Conference Seminars
Post Conference Seminar:
Digital Control of Switching Power Converters
Part 1
September 15
Part 2
September 16
Hosted by e/j BLOOM associates, Inc.
This Professional Advancement Seminar will provide an introduction to digital control techniques for modern-day switching converter controllers and associated design applications. This design topic is an area of renewed excitement and activity, as is evident from seminars and papers presented at recent power electronics conferences and seminars. To understand the future impacts and trends, an historical review of analog techniques will first be presented in this segment. The goal of this segment is to convey the essence of digital control methods and how these methods may be leveraged within the context of all analog switching converter controllers. Of practical interest in this course is how analog and digital techniques may be advantageously combined into controllers addressing low to medium-power switching converter applications.
Computer-based worksheets are provided for the attendees that detail various levels of engineering design and control methods for both analog and analog/digital circuits. Following this part of the course segment, experimental results are then provided, with all hardware configuration details and software files provided. This will give attendees a good start in setting up a development laboratory of his or her own for further experimentation.
Highlights of this seminar’s presentation include:
- A review of analog control as utilized in many practical applications
- Simplifying engineering control-loop design techniques
- Key concepts behind digital control
- Textbook replacement of analog control with digital control
- Tradeoff studies of digital and comparable analog designs.
- Experimental results for validateion and empirical development, plus
- Short videos are shown throughout the presentation showing experimental and simulation details.
Practical engineering solution files are provided and reviewed, including:
- Mathcad™ calculation worksheets, detailing design examples, methods and procedures from the presentation. Copies in Adobe Acrobat™ PDF formats are also included in the CD-ROM for those without access to Mathcad™. Several versions of the files are saved for those that may not have the latest copy.
- Matlab™/Simulink™/Stateflow™/Plecs™ Suite examples – this tool set enables high-level architectural and system level evaluation. It is an analysis platform that easily allows what-if questions to be explored as a pre-curser to hardware implementation.
- Excel™ design files, containing much of the same material as given as in the Mathcad™ course files noted above.
The instructor for this part of the course will be Phil Cooke, well known for his recent contributions to digital control measures for converter designs. Phil received a Bachelor of Science Degree in Electrical Engineering from the University of Massachusetts in 1987 and a Master of Science Degree in Electrical Engineering from the National Technological University in Fort Collins, Colorado in 1991.
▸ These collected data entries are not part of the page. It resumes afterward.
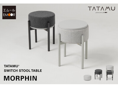 トランスフォーム家具ブランドTATAMU(R)から、暮らしのシーンに合わせてテーブル⇔スツールと役割を切り替えることができるスイッチ家具「MORPHIN(モーフィン)」が新発売。スタッキングにも対応。
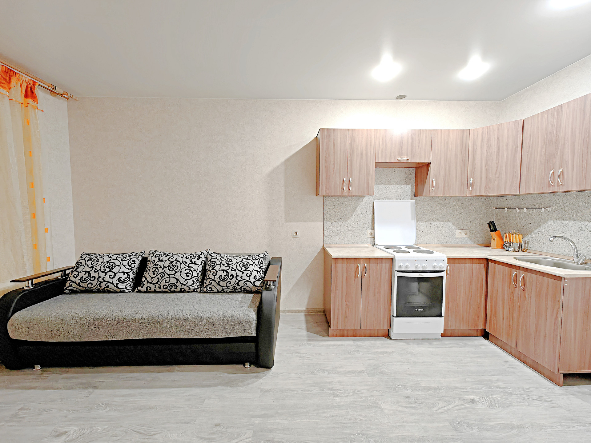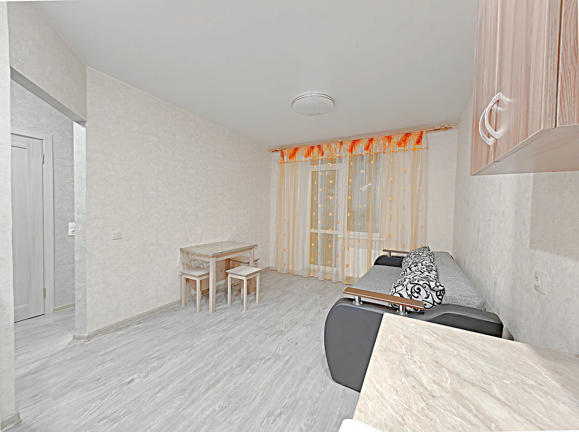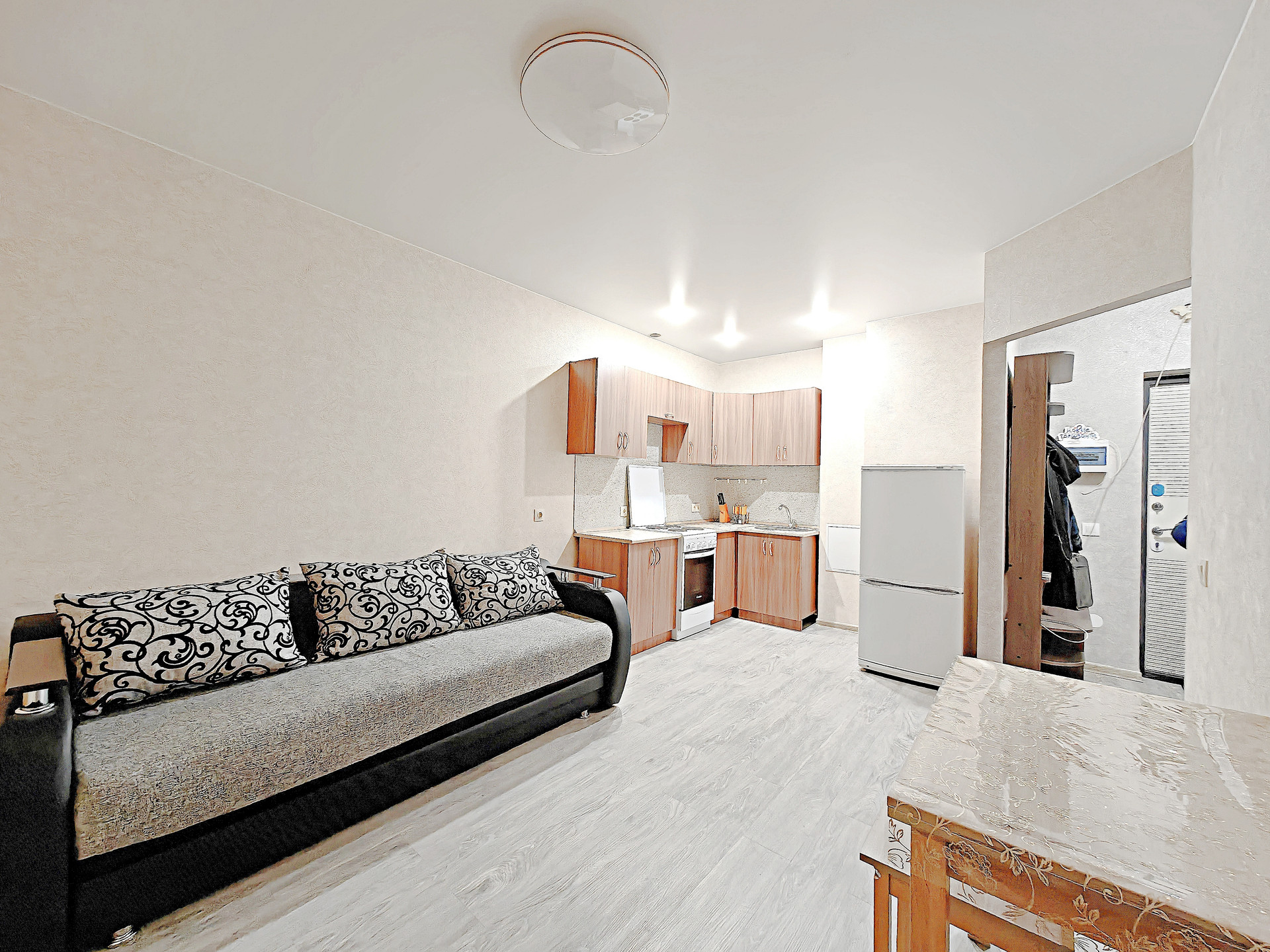 -Отличное состояние. ТОЛЬКО ПОСЛЕ РЕМОНТА. Новая мебель и сантехника!!! Общая площадь 35м, Гостиная-кухня 18м, комната 12м, Лоджия 5м, С/У совмещенный.
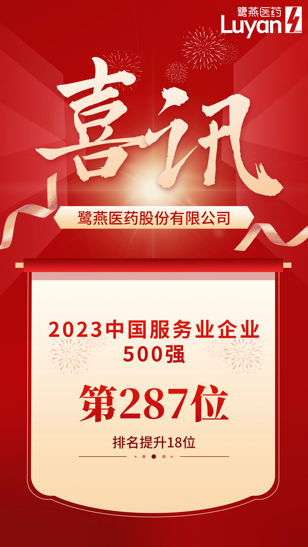 2023年9月20日,中國企業聯合會、中國企業家協會發布“2023中國服務業企業500強”等榜單,鷺燕醫藥股份有限公司位列第287位,比上年度排名提升了18位。
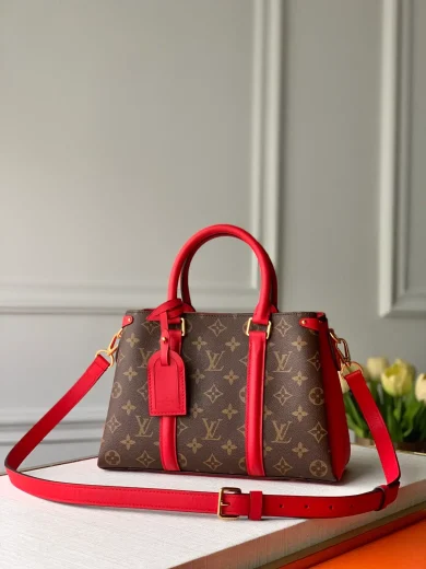 LOUIS VUITTON SOUFFLOT BB HANDBAG MONOGRAM COATED CANVAS CERISE RED M44818
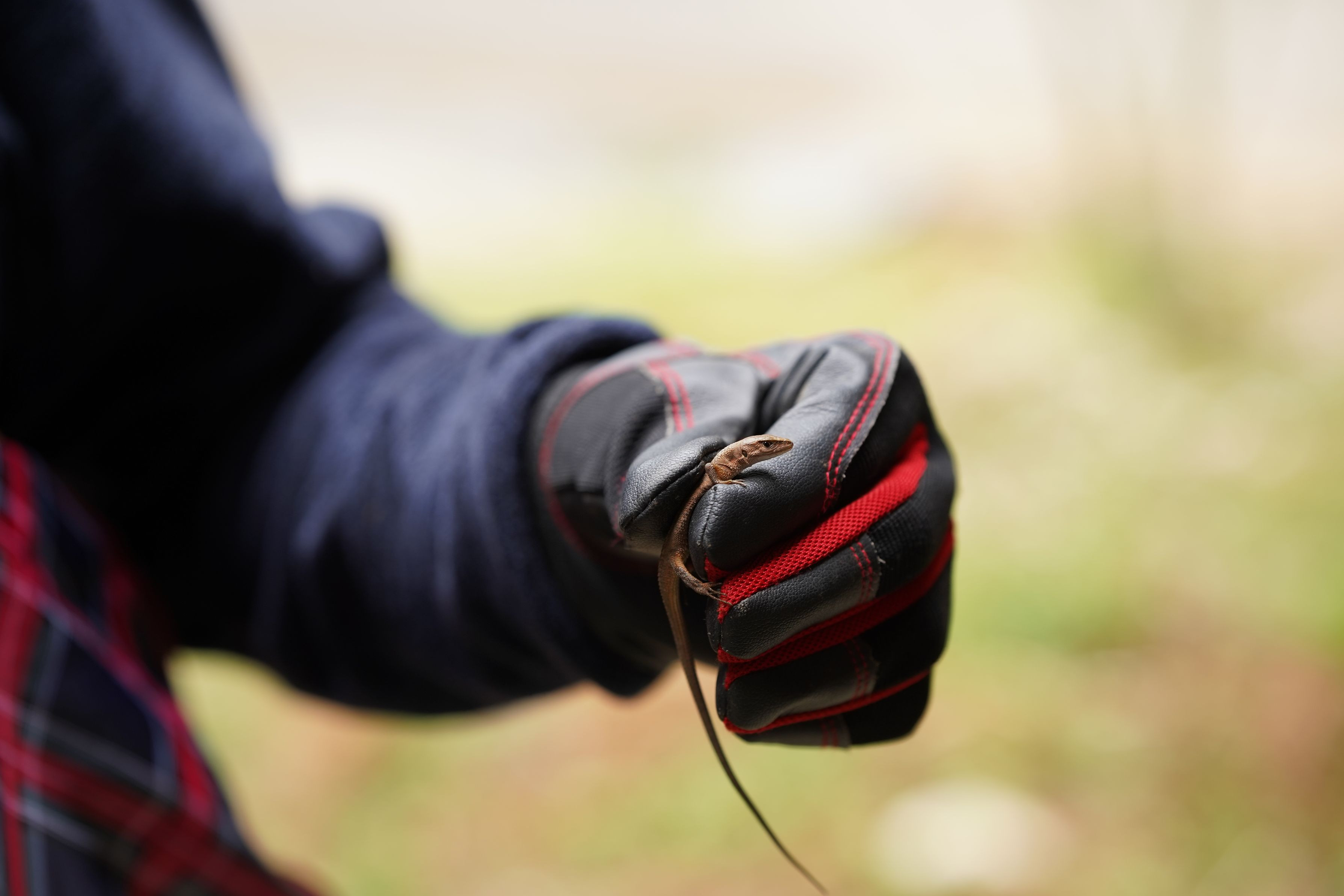 山でトカゲ?を捕まえた妻。

During 1987 to 1995, he worked for the General Electric Company (GE) in Erie Pennsylvania in the Transportation Industry and was a graduate of the Edison Engineering Program at GE in 1991. In his work at GE, he engineered, built and fully tested boost, flyback, buck-boost, buck and isolated push-pull dc-dc converters of many varieties. He was an instructor for classes for GE’s “A Course” students upon his graduation from the Edison Program.
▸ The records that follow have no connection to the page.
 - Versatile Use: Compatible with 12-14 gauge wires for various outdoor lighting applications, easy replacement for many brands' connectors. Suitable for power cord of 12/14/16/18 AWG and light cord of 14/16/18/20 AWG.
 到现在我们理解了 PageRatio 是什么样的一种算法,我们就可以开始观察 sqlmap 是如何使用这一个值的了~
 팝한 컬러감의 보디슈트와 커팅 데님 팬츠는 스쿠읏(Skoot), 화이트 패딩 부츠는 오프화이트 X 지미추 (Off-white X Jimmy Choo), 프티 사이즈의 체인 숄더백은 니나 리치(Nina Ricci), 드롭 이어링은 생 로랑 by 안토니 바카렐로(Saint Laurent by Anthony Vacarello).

From 1995 to 1999, he was a member of the technical staff of the Unitrode Corp in Merrimack, New Hampshire. In this position, he designed and built non-isolated and isolated power converter topologies and wrote technical papers about these controllers for the company’s seminars and for power electronics conferences. He also defined many analog modulator, controller ICs for peak current mode and voltage mode control for common power stage topologies.
In 2000 he joined Analog Devices, Inc. (ADI) in San Jose, California. At ADI, Phil was an application and development engineer responsible for development and definition of new power management products. In 2003, Phil became a staff engineer with the iWatt Corp, focusing on integrated digital and analog power conversion technologies. He was responsible for research, development and definition of new power management products utilizing both analog and digital mixed signal circuitry. While at iWatt, Phil expanded his analog power background to include cost-effective digital control for 50W to 140W ac-dc power converters.
He is currently with International Rectifier in North Carolina, continuing his work in the development and definition of power management integrated circuits as a power systems architect. Phil is a Senior Member of the IEEE Power Electronics Society.
This seminar on Digital Control of Switching Power Converters was independently developed and is not in any way affiliated with or sponsored by the International Rectifier Corporation.